N/a’an ku sê are continuing their work in the field of human / carnivore conflict mitigation. On the 7th April, they received a call about a leopard caught in a gin trap. Arriving at the scene, it was heartbreaking to find a leopard cub, no more than a month old, caught in the awful contraption. Thankfully his paw was not broken but, being swollen and tender, with a chance of infection setting in at a later stage, he was taken to the sanctuary to recuperate.

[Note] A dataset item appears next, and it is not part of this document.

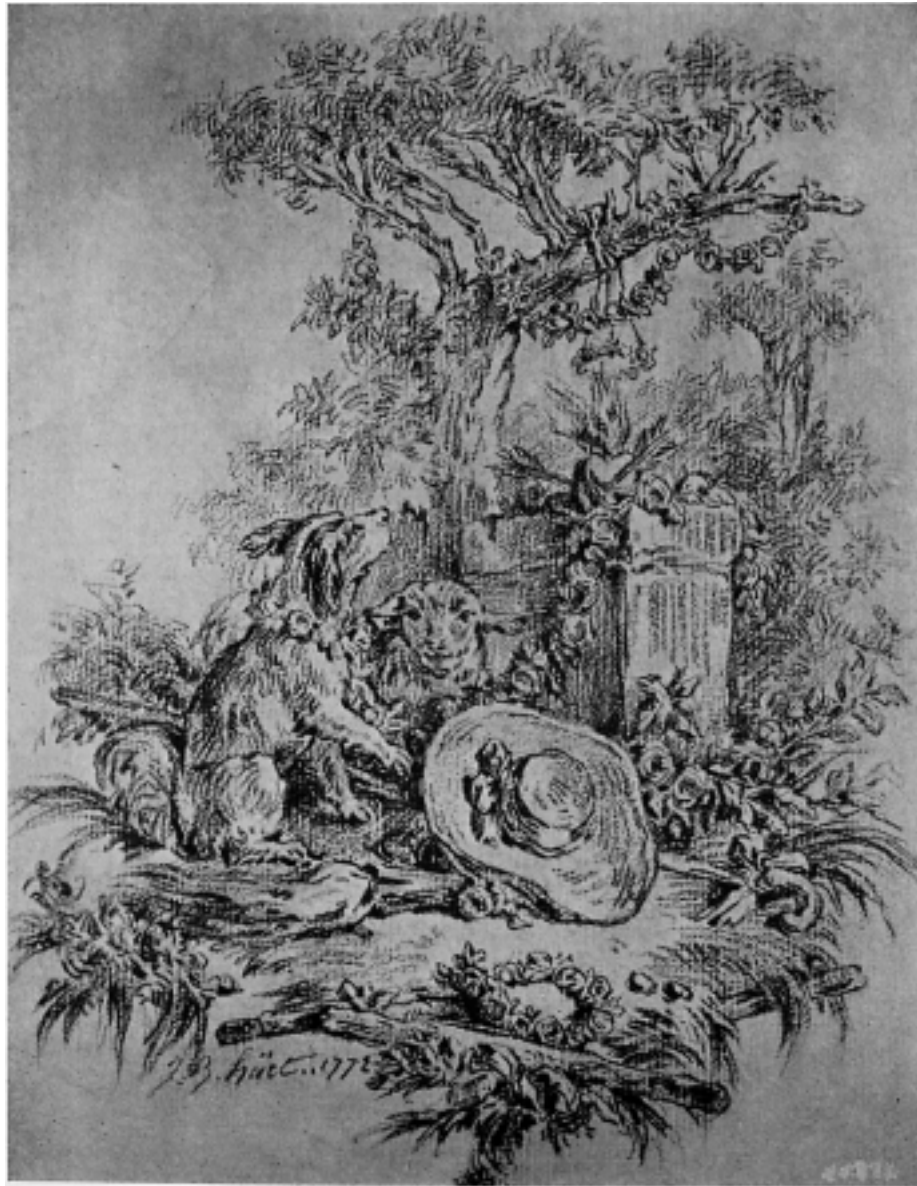
PLATE VI—SANGUINE DRAWING. JEAN-BAPTISTE HUET. FROM THE COLLECTION OF THE MUSEUM FOR THE ARTS OF DECORATION, COOPER UNION, NEW YORK.

Human / Carnivore Conflict Mitigation is a primary research focus of N/a’an ku sê. GPS collars are vital in determining the movements of the carnivores to ensure they don’t come into conflict with humans. A second cheetah was collared at Kanaan reserve in April. Events like this are vital for the N/a’an ku sê team, as more collared carnivores allow them to extend research and knowledge of each species, enabling them to further conserve these animals.

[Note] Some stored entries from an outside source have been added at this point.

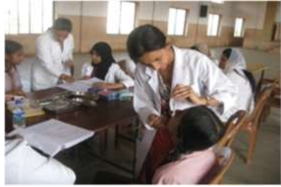
Bharath School Dental Screening Camp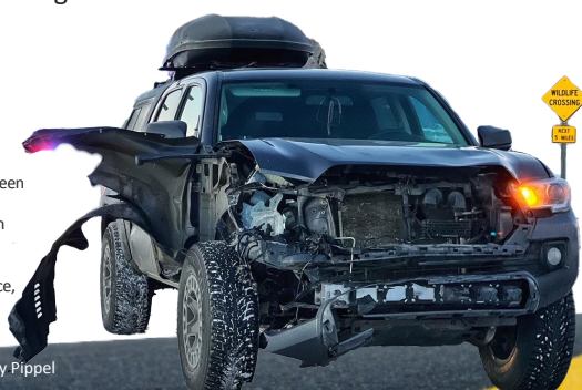
Photo of vehicle

Get more information and view the full report: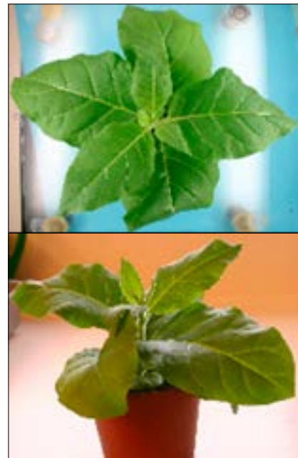
Plant 6. Plant too old and in regenerative phase.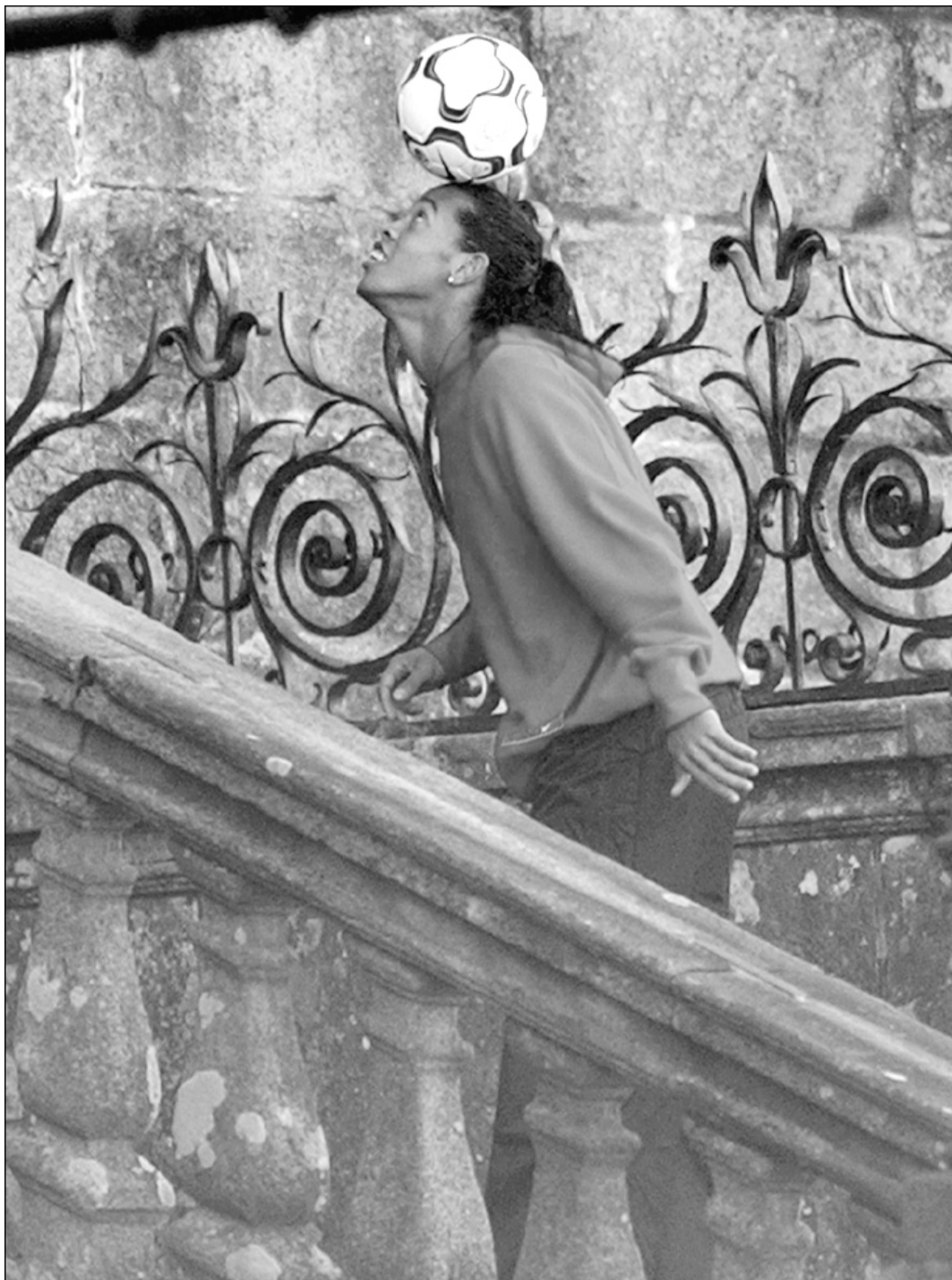
HOLY GROUND! Barcelona's Brazilian superstar Ronaldinho, plays with a ball during the recording of an advertising spot of the Holy Way of Santiago (Camino de Santiago) in front of the Cathedral of Santiago de Compostela on March 1.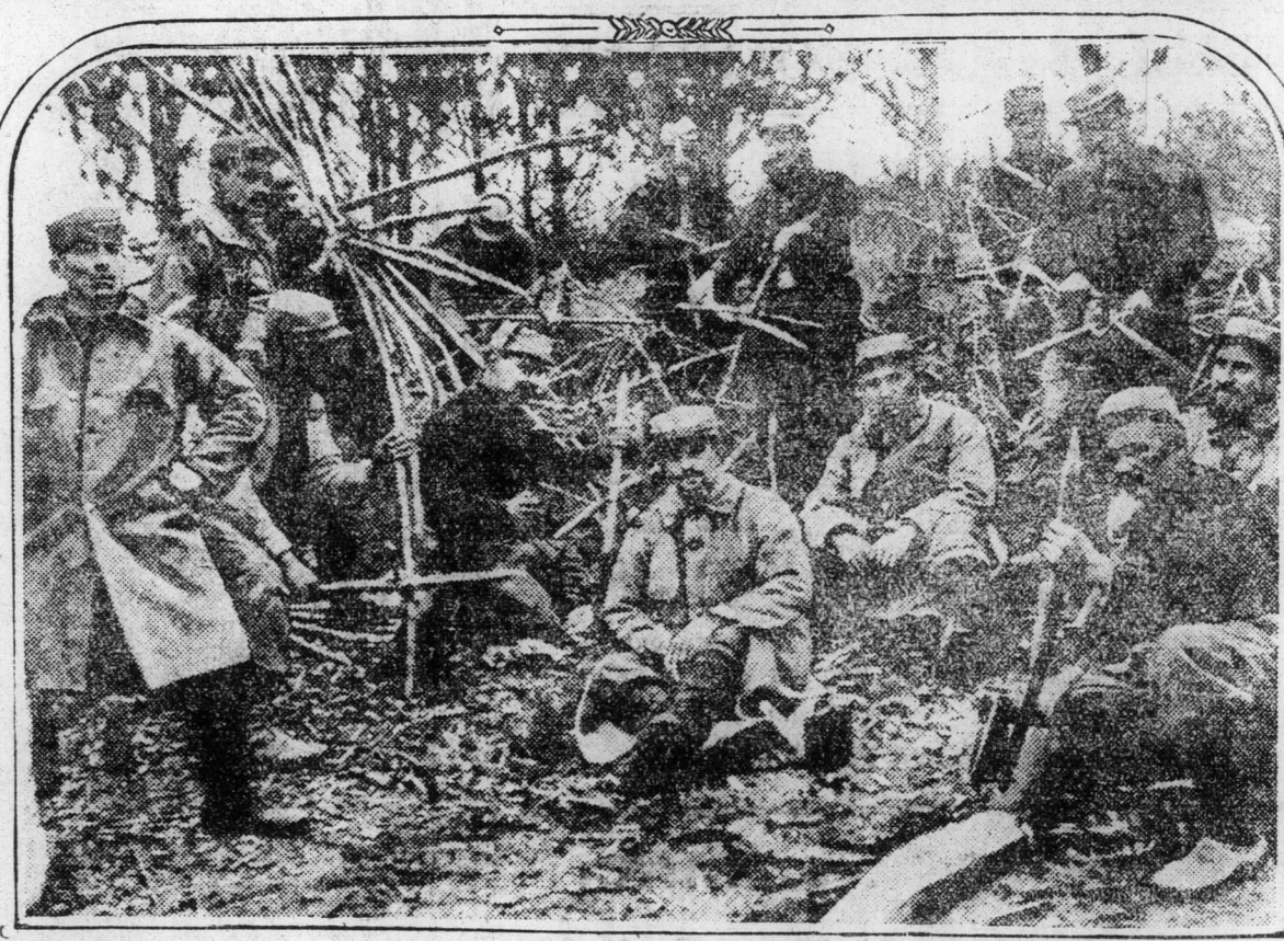
A scene in the woods on the heights of the Meuse is represented. French soldiers are preparing the sticks to form a barbed wire entanglement.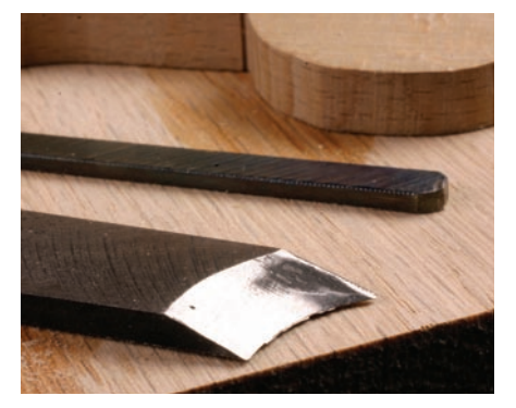
No small taper. Here you can see the bevel and the tang of two unfinished irons for snipes bills planes. The irons start thicker at the bevel and taper <sup>1</sup>/<sub>16</sub>" along their length. That's a lot of metal work.

On the 21st May, N/a’an ku sê also responded to a call from a nearby farmer who had caught a leopard in a trap cage. This 65kg magnificent male was one of the largest leopards forming part of the release programme. The farmer chose to have the leopard removed from his land, and, after fitting the big cat with a GPS collar, the rapid response team headed back to N/a’an ku sê with the leopard, which was released onto the N/a’an ku sê reserve that afternoon. This big cat’s movements, behavioural patterns and threat to livestock will now be accurately and scientifically monitored, adding to the vital work carried out by the research team.